Seluruh elemen masyarakat juga berperan aktif dalam memberantas korupsi. Kesadaran masyarakat untuk melaporkan tindakan korupsi dan mendukung program-program anti-korupsi harus ditingkatkan. Edukasi tentang bahaya dan dampak korupsi juga perlu disampaikan kepada generasi muda, agar mereka menjadi agen perubahan yang positif di masa depan.

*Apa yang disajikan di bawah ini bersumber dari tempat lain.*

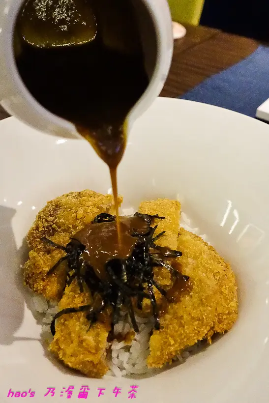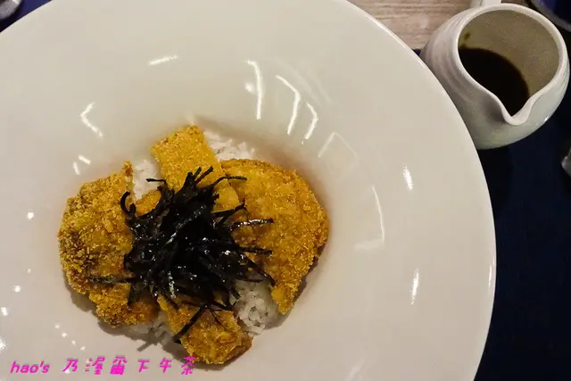 這道餐點很簡單,以廣口的大深盤裝著金黃豬排,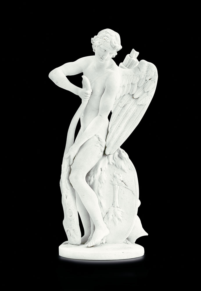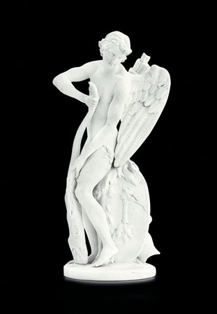 SCULTURA IN BISCUIT, FRANCIA, XIX SECOLO, raffigurante Cupido con arco e frecce, base circolare.

Kesadaran kolektif ini akan membantu menciptakan lingkungan yang lebih sehat dalam sistem pendidikan, di mana setiap calon mahasiswa dapat berkompetisi dengan adil tanpa ada intervensi korupsi. Harapan akan masa depan pendidikan yang bersih dan berintegritas harus terus dijaga.

Kesimpulan

Kasus dugaan korupsi penerimaan mahasiswa baru di Unsoed merupakan pengingat nyata akan adanya tantangan dalam menjaga integritas di dunia pendidikan. KPK telah mengambil langkah-langkah tegas untuk menyelidiki kasus ini, namun diperlukan usaha berkelanjutan dari semua pihak untuk memastikan bahwa tindakan korupsi tidak lagi berakar di institusi pendidikan. Dengan kolaborasi antara pemerintah, institusi pendidikan, dan masyarakat, masa depan pendidikan yang bebas dari korupsi bukanlah hal yang mustahil.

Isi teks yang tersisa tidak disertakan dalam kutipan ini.